## Action item:
Reproduce without any pictures the lines from the one that contains "Bichones de tracción" through the end of the records, exactly as written.

## Available records:

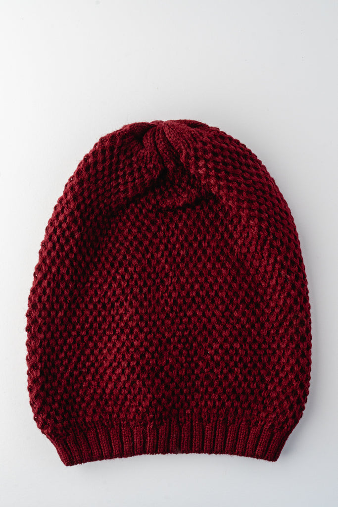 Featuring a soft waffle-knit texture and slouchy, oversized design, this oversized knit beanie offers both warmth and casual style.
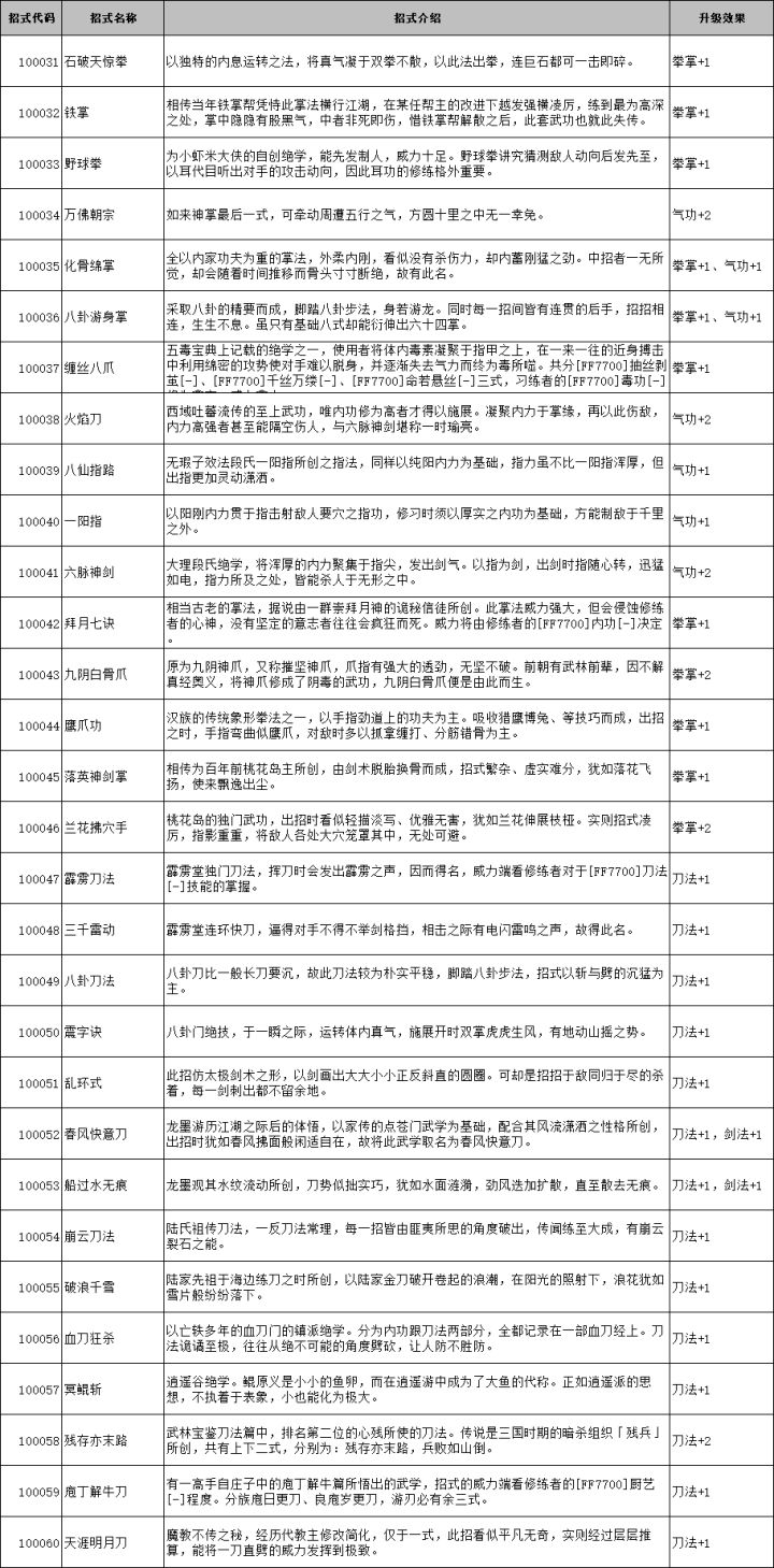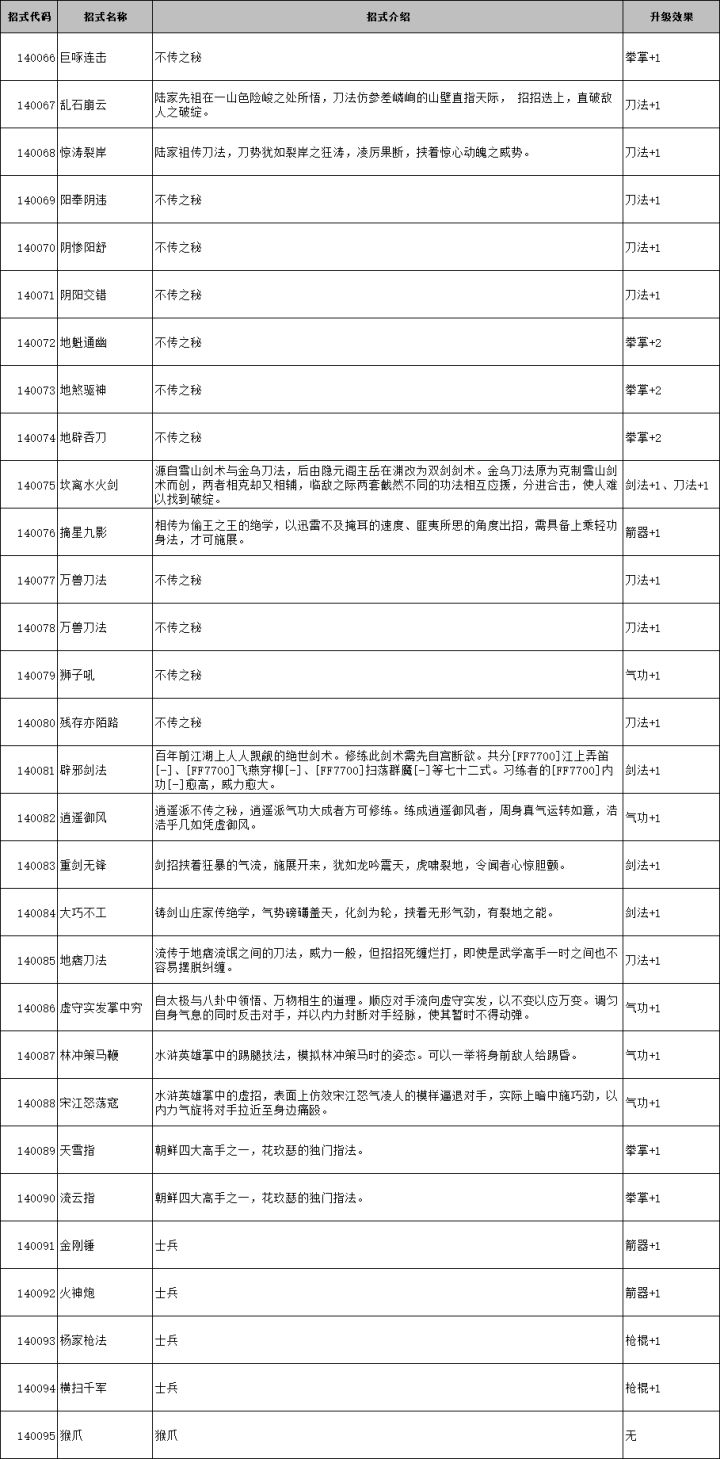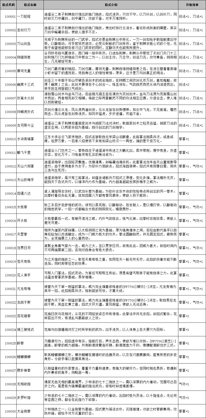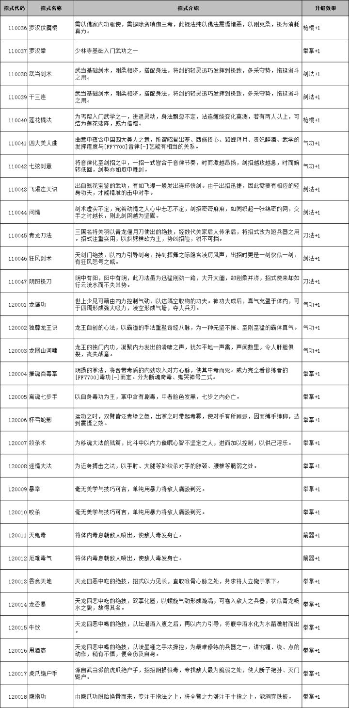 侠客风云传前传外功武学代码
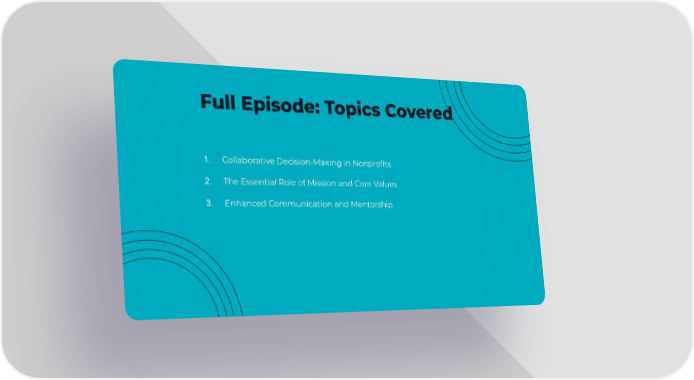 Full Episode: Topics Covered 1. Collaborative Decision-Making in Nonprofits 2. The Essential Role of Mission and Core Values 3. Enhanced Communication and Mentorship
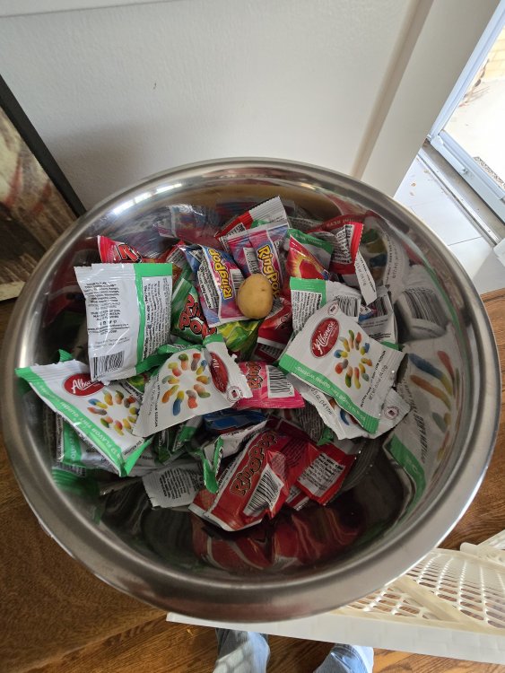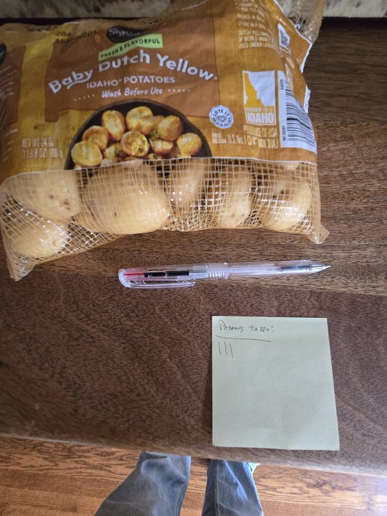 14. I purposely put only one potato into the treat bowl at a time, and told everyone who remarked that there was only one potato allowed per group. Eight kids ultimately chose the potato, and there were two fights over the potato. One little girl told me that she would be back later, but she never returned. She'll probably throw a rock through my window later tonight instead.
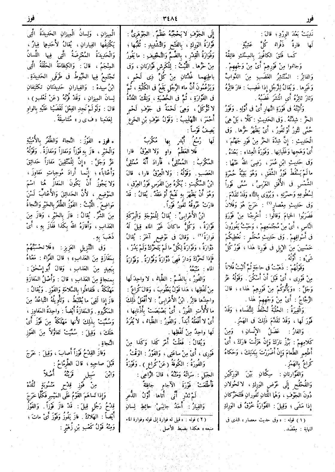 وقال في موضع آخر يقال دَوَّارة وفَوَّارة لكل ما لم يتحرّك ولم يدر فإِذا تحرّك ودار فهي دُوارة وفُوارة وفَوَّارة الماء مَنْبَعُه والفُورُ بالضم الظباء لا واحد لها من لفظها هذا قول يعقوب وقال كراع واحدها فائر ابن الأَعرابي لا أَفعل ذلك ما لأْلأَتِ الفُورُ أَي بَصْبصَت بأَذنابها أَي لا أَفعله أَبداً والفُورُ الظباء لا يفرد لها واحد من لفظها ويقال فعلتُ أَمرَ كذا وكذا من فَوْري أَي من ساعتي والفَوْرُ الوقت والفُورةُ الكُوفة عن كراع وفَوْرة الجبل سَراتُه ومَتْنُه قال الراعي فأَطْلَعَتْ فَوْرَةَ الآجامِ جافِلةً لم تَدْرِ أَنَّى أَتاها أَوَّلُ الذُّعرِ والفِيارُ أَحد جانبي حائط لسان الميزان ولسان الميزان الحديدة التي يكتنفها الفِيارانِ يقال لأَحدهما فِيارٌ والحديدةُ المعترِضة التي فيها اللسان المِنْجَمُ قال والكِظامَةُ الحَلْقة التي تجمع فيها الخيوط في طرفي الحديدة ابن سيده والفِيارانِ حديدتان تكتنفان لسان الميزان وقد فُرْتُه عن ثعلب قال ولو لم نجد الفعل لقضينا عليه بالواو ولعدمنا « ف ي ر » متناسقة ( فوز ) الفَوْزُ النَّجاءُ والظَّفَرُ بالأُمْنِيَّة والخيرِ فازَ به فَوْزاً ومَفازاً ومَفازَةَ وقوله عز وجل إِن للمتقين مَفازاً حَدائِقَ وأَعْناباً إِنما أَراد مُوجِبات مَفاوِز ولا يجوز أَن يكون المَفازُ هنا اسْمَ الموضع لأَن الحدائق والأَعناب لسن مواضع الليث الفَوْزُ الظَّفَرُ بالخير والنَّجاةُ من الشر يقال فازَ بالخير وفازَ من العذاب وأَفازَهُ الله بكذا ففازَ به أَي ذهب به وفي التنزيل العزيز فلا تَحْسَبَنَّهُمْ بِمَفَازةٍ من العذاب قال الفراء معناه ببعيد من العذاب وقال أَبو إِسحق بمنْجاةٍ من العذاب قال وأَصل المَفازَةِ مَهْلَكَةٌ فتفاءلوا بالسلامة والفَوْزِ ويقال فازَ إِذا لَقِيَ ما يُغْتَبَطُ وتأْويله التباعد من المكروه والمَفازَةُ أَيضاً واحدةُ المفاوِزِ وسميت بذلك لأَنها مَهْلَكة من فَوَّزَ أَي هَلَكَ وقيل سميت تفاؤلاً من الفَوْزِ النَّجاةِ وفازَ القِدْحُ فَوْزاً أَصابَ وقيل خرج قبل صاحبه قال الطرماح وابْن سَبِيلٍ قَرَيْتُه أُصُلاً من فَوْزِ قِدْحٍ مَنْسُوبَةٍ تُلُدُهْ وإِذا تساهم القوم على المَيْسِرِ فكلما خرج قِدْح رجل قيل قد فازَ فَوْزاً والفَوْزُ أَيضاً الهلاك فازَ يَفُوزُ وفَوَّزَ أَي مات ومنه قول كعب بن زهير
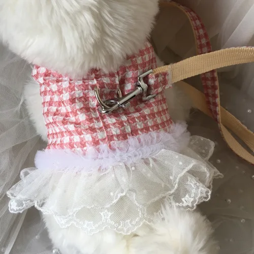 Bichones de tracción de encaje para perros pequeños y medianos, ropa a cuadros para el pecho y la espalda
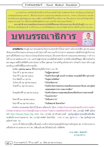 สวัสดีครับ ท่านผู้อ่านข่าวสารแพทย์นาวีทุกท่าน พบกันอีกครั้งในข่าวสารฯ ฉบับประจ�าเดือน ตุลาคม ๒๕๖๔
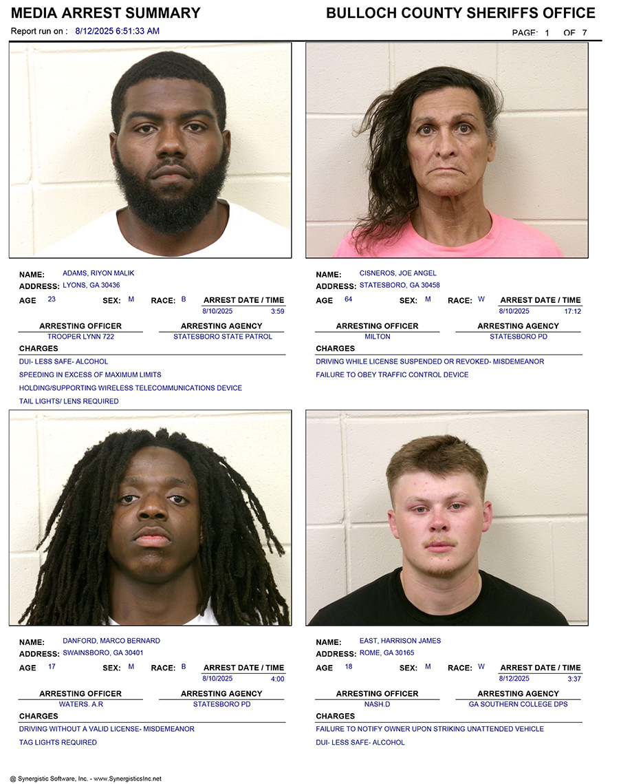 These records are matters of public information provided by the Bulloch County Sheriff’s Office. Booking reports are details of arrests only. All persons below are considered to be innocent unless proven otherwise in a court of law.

## Response below:
 Bichones de tracción de encaje para perros pequeños y medianos, ropa a cuadros para el pecho y la espalda
 สวัสดีครับ ท่านผู้อ่านข่าวสารแพทย์นาวีทุกท่าน พบกันอีกครั้งในข่าวสารฯ ฉบับประจ�าเดือน ตุลาคม ๒๕๖๔
 These records are matters of public information provided by the Bulloch County Sheriff’s Office. Booking reports are details of arrests only. All persons below are considered to be innocent unless proven otherwise in a court of law.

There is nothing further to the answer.